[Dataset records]
□ □ □ □ □ □ □

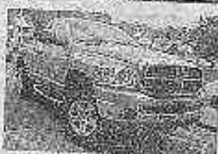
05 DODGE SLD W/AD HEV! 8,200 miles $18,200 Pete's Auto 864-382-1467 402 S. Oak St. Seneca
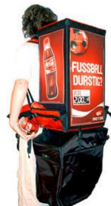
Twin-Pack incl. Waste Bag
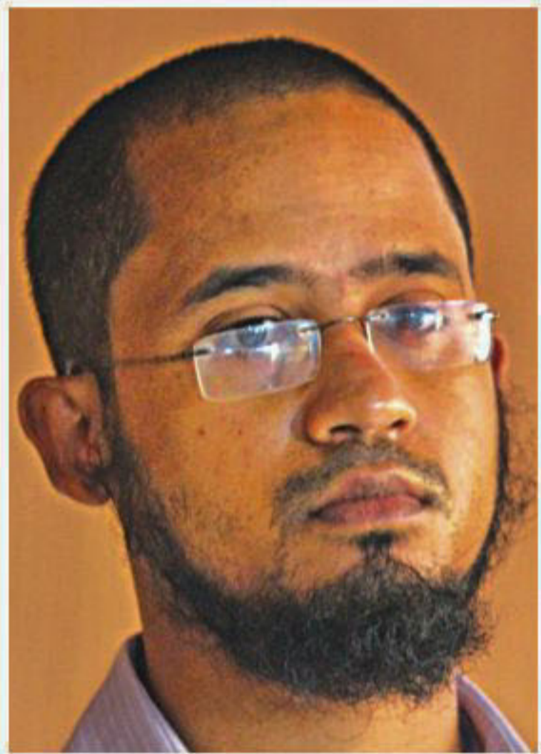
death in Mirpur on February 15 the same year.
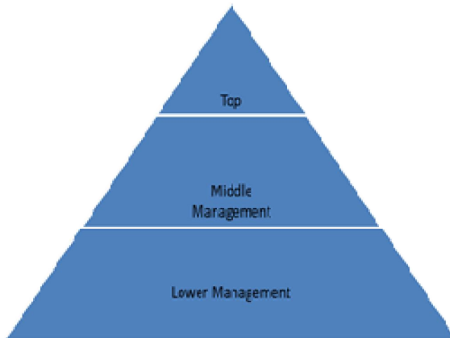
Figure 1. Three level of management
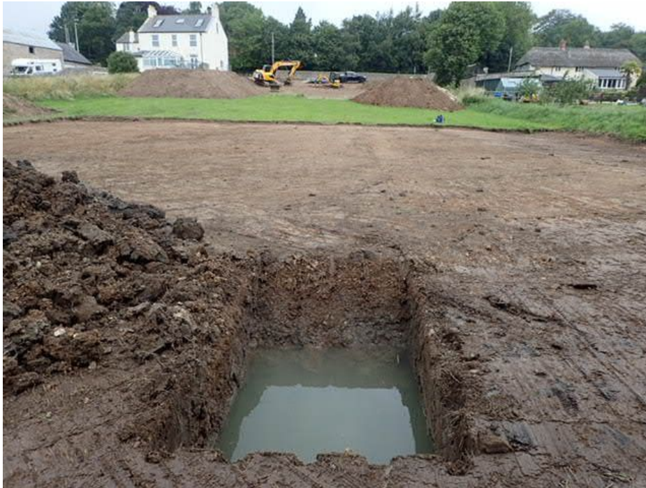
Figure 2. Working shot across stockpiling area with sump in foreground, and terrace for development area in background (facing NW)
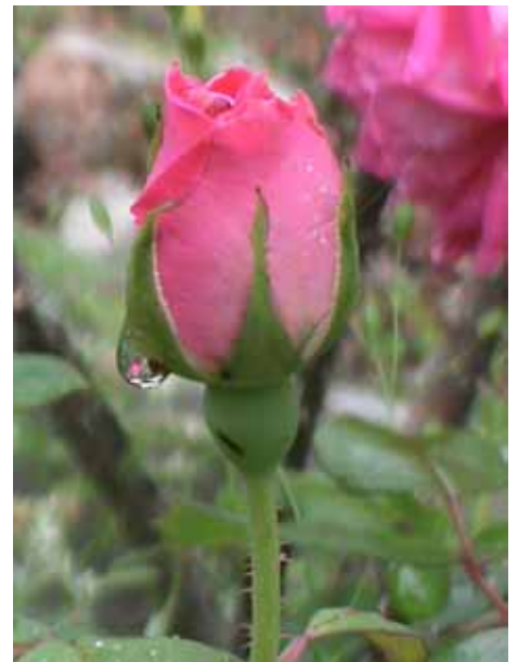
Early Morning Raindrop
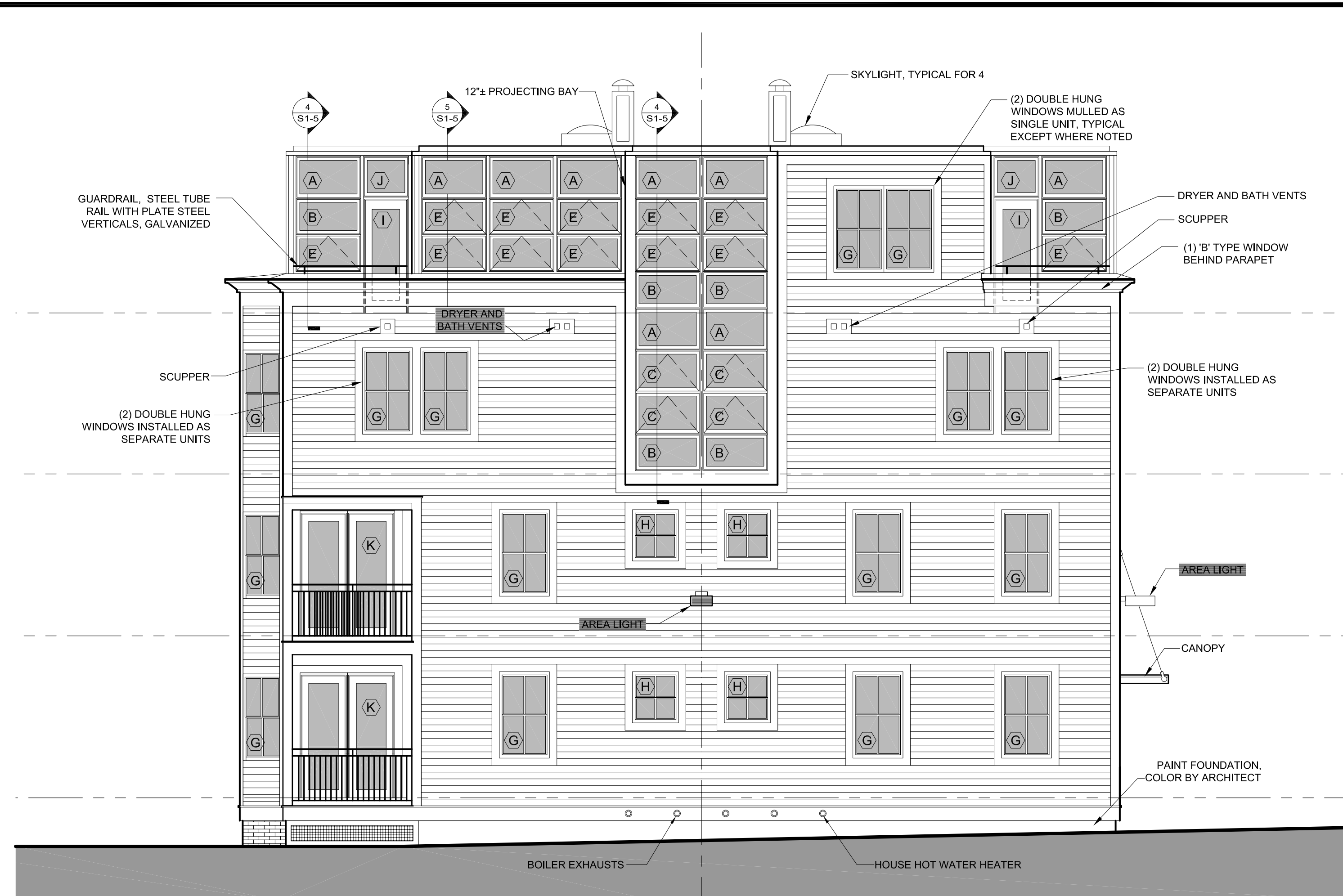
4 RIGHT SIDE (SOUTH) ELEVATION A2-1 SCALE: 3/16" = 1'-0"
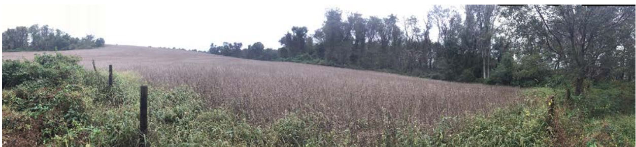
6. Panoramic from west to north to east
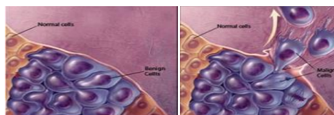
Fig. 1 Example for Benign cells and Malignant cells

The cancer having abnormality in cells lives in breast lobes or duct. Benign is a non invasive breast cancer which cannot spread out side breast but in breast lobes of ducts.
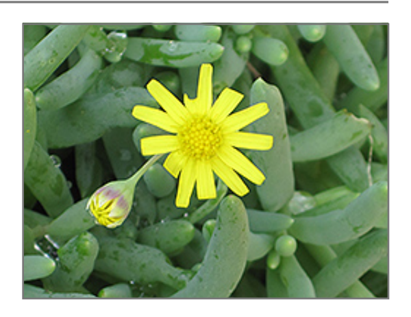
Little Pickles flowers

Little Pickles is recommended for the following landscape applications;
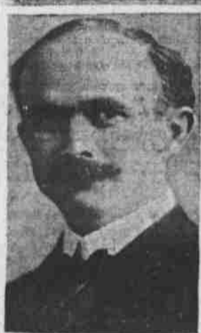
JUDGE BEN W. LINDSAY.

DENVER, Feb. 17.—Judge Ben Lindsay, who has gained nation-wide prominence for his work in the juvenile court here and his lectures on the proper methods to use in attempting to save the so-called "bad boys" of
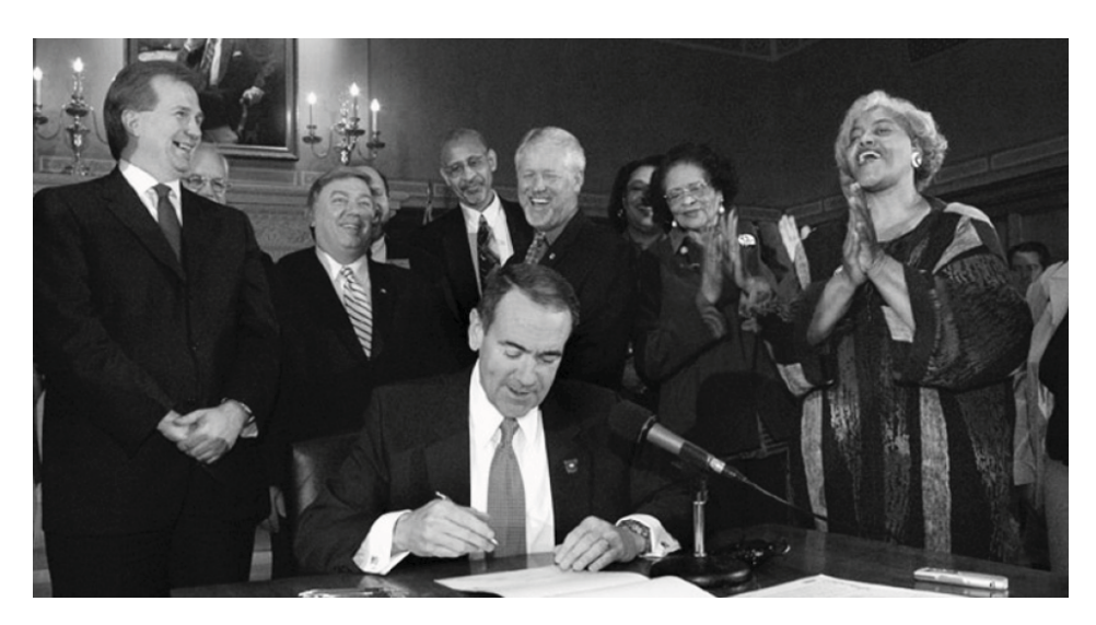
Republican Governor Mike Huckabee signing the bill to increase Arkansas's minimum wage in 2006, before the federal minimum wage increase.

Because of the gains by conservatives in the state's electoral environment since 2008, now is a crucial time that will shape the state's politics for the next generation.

□ □ □ □ □ □ □

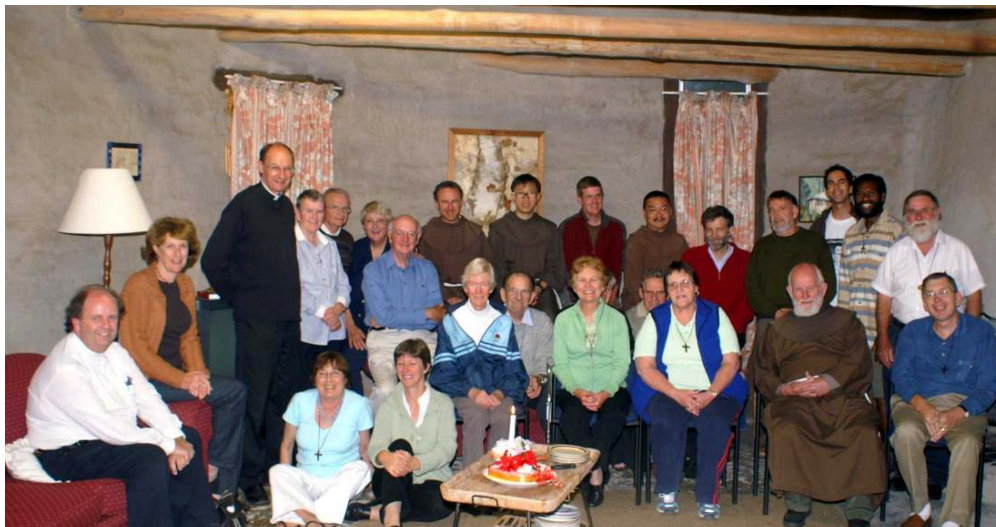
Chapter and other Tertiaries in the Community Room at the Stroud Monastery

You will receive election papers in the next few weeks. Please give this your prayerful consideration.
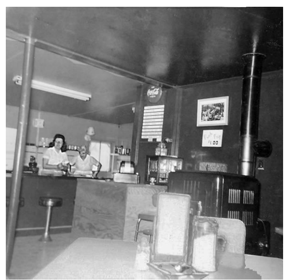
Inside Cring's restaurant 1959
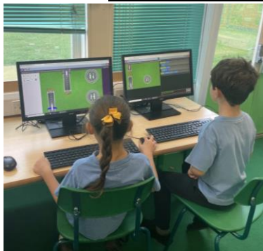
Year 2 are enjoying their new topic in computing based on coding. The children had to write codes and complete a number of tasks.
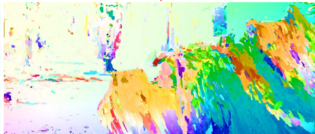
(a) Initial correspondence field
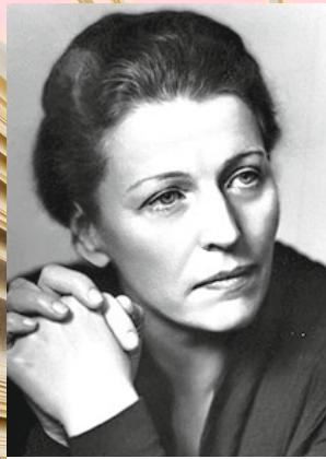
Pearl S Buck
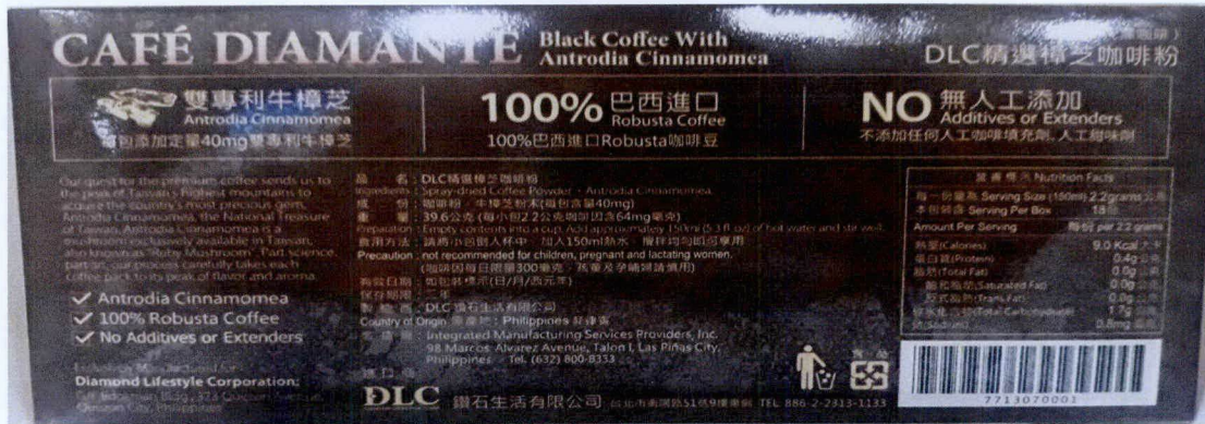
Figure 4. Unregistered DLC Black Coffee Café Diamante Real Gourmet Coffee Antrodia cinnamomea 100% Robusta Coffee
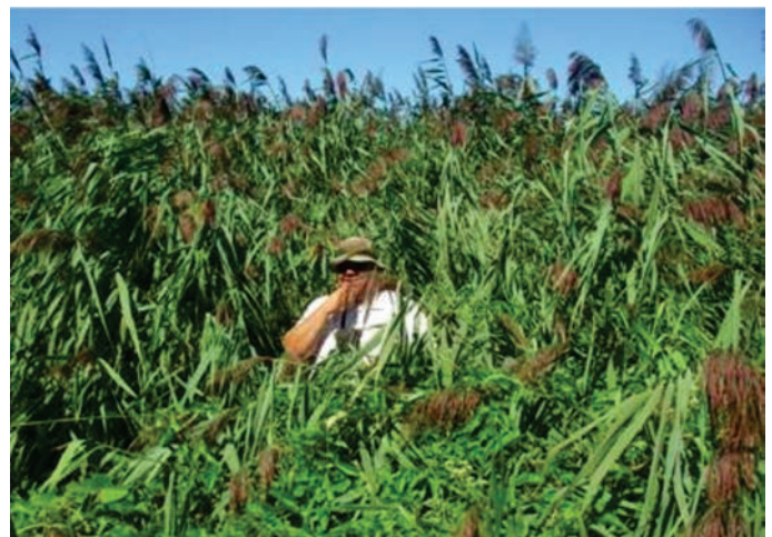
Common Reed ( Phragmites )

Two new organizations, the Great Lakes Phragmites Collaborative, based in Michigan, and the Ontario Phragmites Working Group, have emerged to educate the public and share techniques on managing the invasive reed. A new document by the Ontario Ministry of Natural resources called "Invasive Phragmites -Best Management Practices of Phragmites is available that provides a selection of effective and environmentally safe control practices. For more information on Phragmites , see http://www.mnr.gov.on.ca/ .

□ □ □ □ □ □ □

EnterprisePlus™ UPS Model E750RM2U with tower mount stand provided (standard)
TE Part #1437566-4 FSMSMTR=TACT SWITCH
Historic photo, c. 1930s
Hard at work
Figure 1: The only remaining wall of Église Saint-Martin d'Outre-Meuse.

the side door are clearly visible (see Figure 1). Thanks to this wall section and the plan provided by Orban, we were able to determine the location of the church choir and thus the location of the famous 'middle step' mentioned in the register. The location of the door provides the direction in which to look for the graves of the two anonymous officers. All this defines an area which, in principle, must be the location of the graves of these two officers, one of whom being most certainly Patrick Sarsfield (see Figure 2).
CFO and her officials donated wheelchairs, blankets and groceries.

□ □ □ □ □ □ □

(WHAT IS REQUIRED)
Give exactly the lines above that run from the line with "Little Pickles flowers" to the line with "Because of the", both included, leaving every picture out.

(ANSWER BOX)
Little Pickles flowers

Little Pickles is recommended for the following landscape applications;
JUDGE BEN W. LINDSAY.

DENVER, Feb. 17.—Judge Ben Lindsay, who has gained nation-wide prominence for his work in the juvenile court here and his lectures on the proper methods to use in attempting to save the so-called "bad boys" of
Republican Governor Mike Huckabee signing the bill to increase Arkansas's minimum wage in 2006, before the federal minimum wage increase.

Because of the gains by conservatives in the state's electoral environment since 2008, now is a crucial time that will shape the state's politics for the next generation.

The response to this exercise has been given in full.